### Task requirements
In the entries that follow, find the line containing "Purpleocco Black Geometric" and the line containing "商品名称:烟台栖霞红富士苹果彩箱一级果净重8斤果径80mm+ 约17-22枚", then retype exactly the lines from the first through the second, pictures excluded.

### Entries supplied
※

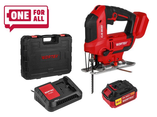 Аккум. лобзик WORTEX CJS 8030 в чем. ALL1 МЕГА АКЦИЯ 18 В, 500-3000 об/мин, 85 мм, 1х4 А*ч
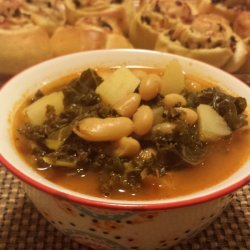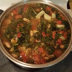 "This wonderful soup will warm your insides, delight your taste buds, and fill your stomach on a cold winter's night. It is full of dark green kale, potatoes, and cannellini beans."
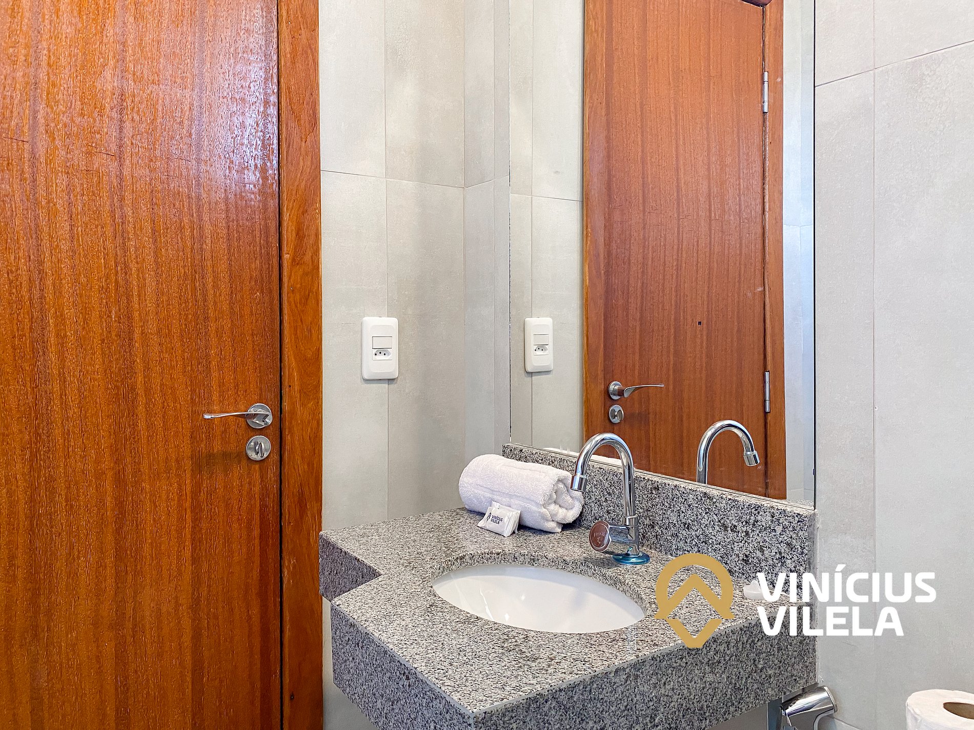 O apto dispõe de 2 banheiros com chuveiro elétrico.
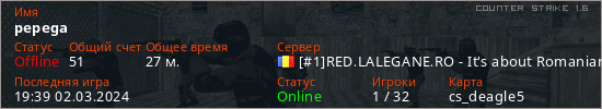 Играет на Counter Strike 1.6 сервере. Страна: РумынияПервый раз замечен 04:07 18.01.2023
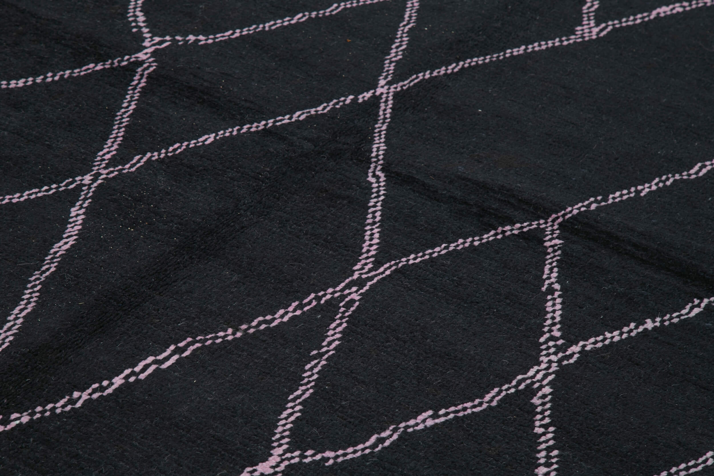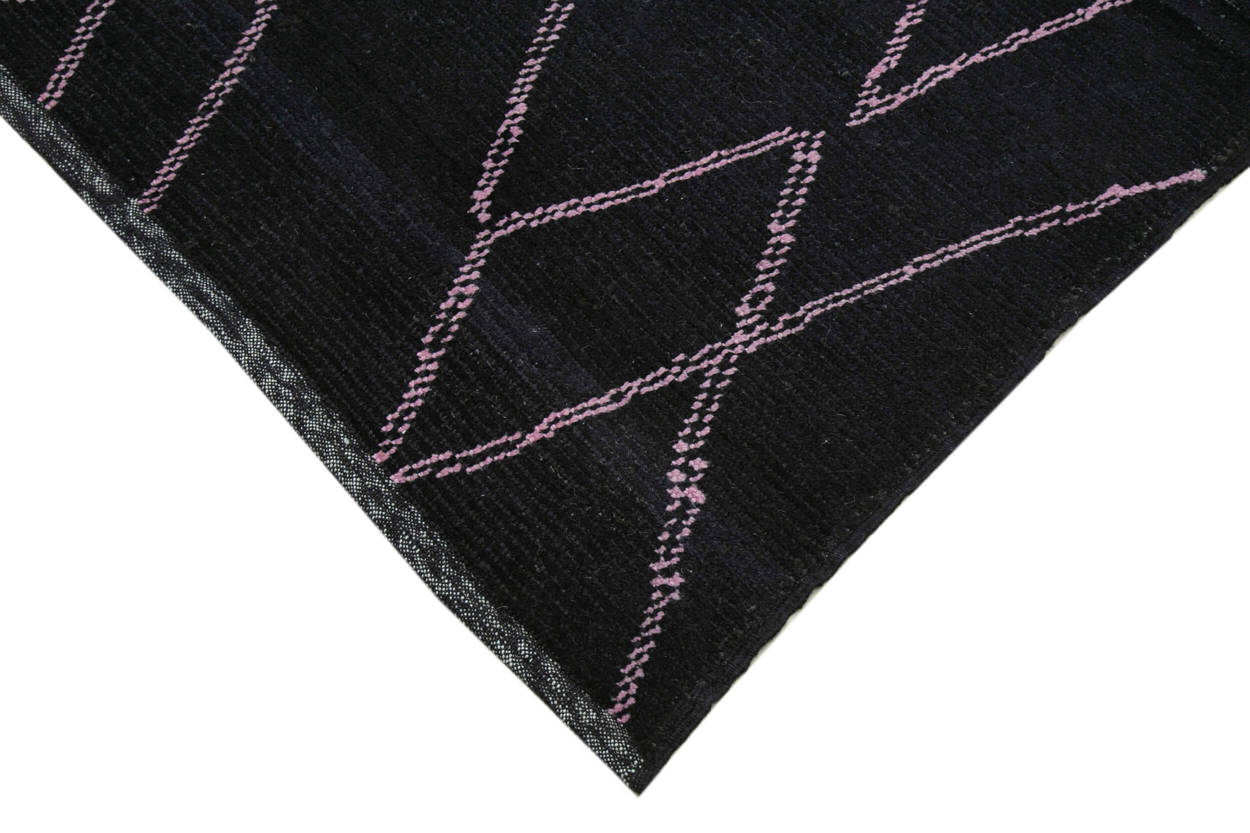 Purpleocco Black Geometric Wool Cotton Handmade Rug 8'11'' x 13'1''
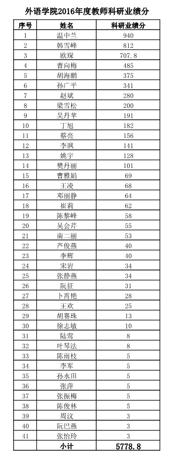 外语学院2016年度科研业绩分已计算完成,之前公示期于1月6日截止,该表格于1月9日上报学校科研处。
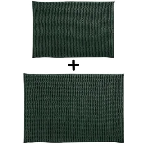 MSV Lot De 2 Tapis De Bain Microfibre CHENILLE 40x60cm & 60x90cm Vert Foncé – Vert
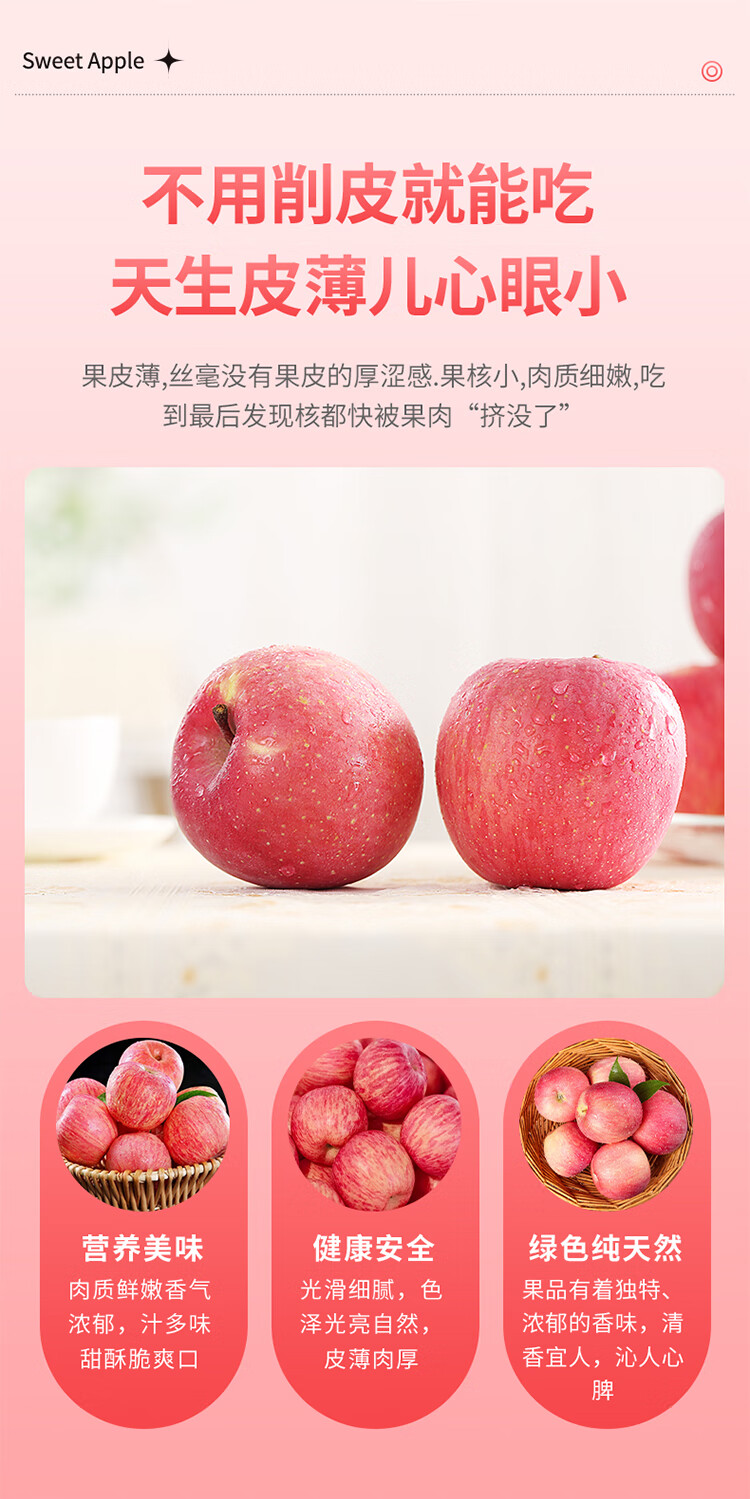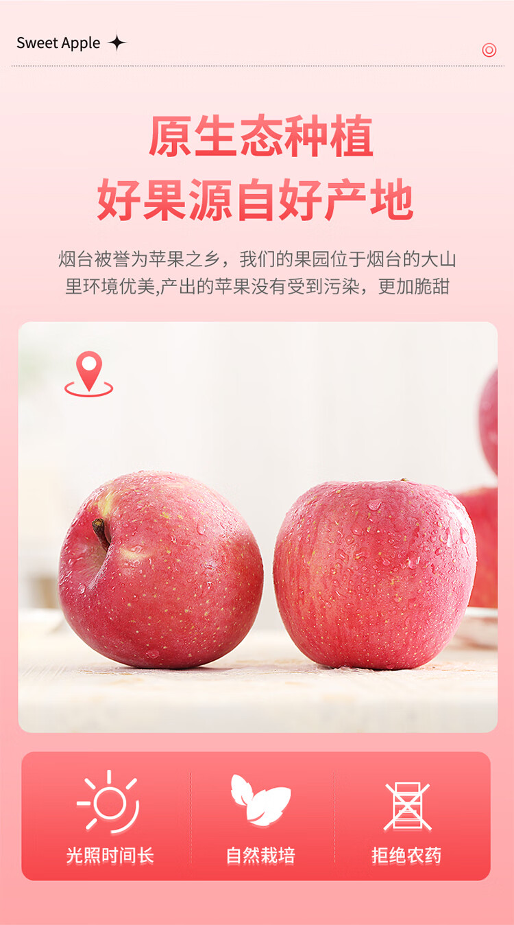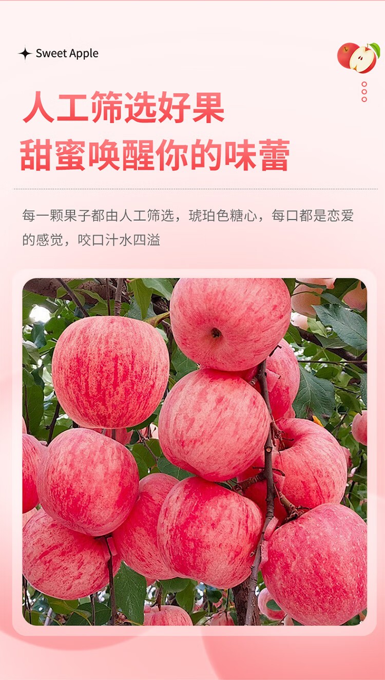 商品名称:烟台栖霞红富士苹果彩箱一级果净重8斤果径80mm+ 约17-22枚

※

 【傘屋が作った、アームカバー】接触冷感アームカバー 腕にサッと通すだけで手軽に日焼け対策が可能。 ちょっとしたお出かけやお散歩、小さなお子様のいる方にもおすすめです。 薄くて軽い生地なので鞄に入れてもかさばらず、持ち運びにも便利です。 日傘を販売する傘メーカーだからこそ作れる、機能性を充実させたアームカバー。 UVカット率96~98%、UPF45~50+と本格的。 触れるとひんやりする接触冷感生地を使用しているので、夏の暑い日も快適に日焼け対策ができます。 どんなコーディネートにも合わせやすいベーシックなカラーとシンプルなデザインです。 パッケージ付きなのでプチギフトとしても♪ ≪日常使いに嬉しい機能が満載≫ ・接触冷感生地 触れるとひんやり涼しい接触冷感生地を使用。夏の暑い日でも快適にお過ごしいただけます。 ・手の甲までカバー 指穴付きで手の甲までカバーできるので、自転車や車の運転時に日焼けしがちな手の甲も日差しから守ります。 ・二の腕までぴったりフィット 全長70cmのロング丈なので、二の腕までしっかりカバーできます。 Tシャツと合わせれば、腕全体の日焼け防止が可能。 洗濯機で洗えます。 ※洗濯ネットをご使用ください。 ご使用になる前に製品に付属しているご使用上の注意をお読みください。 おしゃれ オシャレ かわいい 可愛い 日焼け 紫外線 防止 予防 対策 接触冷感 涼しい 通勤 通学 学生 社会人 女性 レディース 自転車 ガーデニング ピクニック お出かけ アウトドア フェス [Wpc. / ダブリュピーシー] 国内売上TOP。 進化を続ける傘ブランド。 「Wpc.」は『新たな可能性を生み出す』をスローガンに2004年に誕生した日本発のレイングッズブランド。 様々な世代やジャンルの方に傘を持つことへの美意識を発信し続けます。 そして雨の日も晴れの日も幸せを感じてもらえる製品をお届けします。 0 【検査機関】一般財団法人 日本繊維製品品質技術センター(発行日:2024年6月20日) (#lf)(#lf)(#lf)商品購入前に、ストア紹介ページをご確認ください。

※

### Result of the task
 Purpleocco Black Geometric Wool Cotton Handmade Rug 8'11'' x 13'1''
 外语学院2016年度科研业绩分已计算完成,之前公示期于1月6日截止,该表格于1月9日上报学校科研处。
 MSV Lot De 2 Tapis De Bain Microfibre CHENILLE 40x60cm & 60x90cm Vert Foncé – Vert
 商品名称:烟台栖霞红富士苹果彩箱一级果净重8斤果径80mm+ 约17-22枚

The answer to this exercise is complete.